Su cuerpo tieso y sucio me ha seguido más allá de los cien metros de mi memoria de corto plazo. Me ha acompañado hasta mi casa. Me ha hecho hablar de él en la sobremesa. Me ha hecho ir ex profeso al lugar de la muerte a hacerle una foto para colgar en el blog junto a este texto. Me impresionó el gato muerto. Quizás no su muerte en sí, sino la persistencia de su cadáver en la carretera. He sido testigo involuntario de su entiesamiento y de su abandono.

(¿Ya lo vio usted? Si pasa por Las Amapolas, en dirección al Estadio Cuscatlán, lo encontrará a su mano izquierda, sobre la calle, junto al muro divisorio, bajo el puente del Venezuela.)

Presumo que ahí estará mañana y pasadomañana. Hasta convertirse en irregular hoja de papel color asfalto. Hasta desintegrarse y fundirse con la madre carretera. Pobre gato urbano que no alcanza la categoría de basura. Que algún día descanse en paz.

martes, febrero 05, 2008

Estás leyendo esto

María Tenorio

“aun lo que está usted haciendo en este momento –leer- no es, pese a la promesa de Valery-Larbaud, un acto impune.” Rosario Castellanos.

Estás leyendo esto. ¿Ves cómo las letras van desfilando ante tu vista? ¡Estás leyendo esto! Te vas llenando con las palabras que hormiguean sobre la superficie gris. Las palabras van invadiéndote, van distribuyéndose por tus miembros, por tus órganos; algunas ya querrán llegar hasta los dedos de tus pies, otras andan apenas revoloteando por tu nariz o la oreja derecha.
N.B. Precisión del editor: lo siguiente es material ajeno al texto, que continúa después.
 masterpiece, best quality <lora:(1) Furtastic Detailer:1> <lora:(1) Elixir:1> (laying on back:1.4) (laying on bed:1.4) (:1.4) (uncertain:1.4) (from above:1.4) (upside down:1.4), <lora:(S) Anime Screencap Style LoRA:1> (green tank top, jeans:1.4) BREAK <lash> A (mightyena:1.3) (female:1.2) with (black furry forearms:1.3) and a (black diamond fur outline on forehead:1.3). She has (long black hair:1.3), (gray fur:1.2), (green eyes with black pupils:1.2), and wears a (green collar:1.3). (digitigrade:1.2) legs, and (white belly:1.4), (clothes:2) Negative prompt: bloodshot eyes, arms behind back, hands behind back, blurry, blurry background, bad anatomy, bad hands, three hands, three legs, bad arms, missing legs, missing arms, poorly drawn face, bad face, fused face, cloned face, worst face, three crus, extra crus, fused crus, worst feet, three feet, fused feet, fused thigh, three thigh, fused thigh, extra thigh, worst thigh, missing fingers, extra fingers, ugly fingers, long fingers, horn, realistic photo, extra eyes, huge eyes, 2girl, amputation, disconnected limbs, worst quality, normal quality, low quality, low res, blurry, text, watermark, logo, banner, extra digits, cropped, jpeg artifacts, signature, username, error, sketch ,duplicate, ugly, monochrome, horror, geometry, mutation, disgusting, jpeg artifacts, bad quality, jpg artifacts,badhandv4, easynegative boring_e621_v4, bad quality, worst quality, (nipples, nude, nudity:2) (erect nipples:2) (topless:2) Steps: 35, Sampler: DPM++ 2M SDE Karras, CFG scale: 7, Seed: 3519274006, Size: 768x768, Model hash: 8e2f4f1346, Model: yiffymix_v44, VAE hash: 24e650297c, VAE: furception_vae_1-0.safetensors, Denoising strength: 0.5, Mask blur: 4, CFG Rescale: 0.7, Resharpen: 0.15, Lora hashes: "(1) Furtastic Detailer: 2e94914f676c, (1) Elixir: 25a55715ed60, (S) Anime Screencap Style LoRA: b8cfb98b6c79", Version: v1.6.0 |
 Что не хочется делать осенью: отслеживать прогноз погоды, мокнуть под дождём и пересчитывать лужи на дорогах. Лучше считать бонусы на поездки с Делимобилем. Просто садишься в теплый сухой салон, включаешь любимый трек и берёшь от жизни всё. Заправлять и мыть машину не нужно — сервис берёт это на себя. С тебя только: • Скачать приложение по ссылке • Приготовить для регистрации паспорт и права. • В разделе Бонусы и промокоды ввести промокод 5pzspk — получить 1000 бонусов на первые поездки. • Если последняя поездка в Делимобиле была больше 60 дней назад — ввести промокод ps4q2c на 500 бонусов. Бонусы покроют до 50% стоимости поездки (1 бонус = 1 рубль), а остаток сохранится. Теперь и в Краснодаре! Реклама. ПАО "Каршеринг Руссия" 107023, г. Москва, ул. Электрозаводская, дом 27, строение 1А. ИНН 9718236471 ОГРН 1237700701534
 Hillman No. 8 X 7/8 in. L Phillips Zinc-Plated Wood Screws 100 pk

Estás leyendo esto y seguís haciéndolo, porque si solo pensaras que estás leyendo mientras no leés o si, al contrario, leyeras pensando solamente que pensás que estás leyendo pues entonces te recomendaría que fueras a ver a... vos ya sabés, una persona instruida en la ciencia de entender tu cuerpo y –si es que creés en eso– tu alma. Pero no es el caso, no, tranquilizate, estás leyendo esto. Los pies sobre la tierra, la mirada sobre la superficie de un monitor de computadora.
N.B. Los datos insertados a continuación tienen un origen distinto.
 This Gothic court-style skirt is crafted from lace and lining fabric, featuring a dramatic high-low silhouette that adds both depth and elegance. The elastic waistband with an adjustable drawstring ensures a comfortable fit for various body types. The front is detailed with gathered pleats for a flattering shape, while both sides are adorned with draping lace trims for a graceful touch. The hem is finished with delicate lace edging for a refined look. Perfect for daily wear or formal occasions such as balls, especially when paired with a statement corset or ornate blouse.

Tal vez no sea posible saber con certeza nada, ni siquiera la idea de Dios como sugiere Descartes ni mucho menos la idea para él tan clara y distinta de un yo pensante. El Descartes era demasiado... confiado en la correspondencia entre las palabras y las cosas, entre el lenguaje y la realidad. Sí, es bonito pensarlo, pero resulta irrealista o ingenuo... no sé, me cuesta encontrar palabras que me satisfagan porque estoy pensando en vos, en vos que estás leyendo esto y que no sabés a que atenerte, qué pensar sobre esto, por qué seguís leyéndolo, por qué has mantenido hasta ahora tu mirada fija y concentrada sobre las palabras que te interpelan (y ahora hablemos de prepotencia).

Lo que te quiero decir, después de tantas vueltas y rodeos, es que podés afirmar con toda contundencia que en este preciso momento estás leyendo esto. ¿No te da acaso cierta paz saber que hay, en este momento al menos, en este momento acaso, una verdad clara y distinta? ¡Estás leyendo esto!
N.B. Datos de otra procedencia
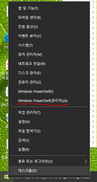 1) 파워쉘 관리자 권한 시작. (윈도우 버튼 우클릭)

Hace unos pocos minutos que estás leyendo esto y sí, es perfectamente razonable, te lo dice el papel –vos creele– que pensés que estás leyendo esto mientras tus ojos van siguiendo línea tras línea, en movimientos horizontales de izquierda a derecha que se repiten –se han repetido quizás sin que te dieras cuenta– y se repiten, ¡qué maravilla! ¡Es un lujo! No cualquiera se da ese lujo en estos días, te podés imaginar, de usar la vista para esto, para estar leyendo y, aquí no me malinterpretés, no me refiero a la maravilla de leer "esto" sino a la de "leer", aunque sea esto.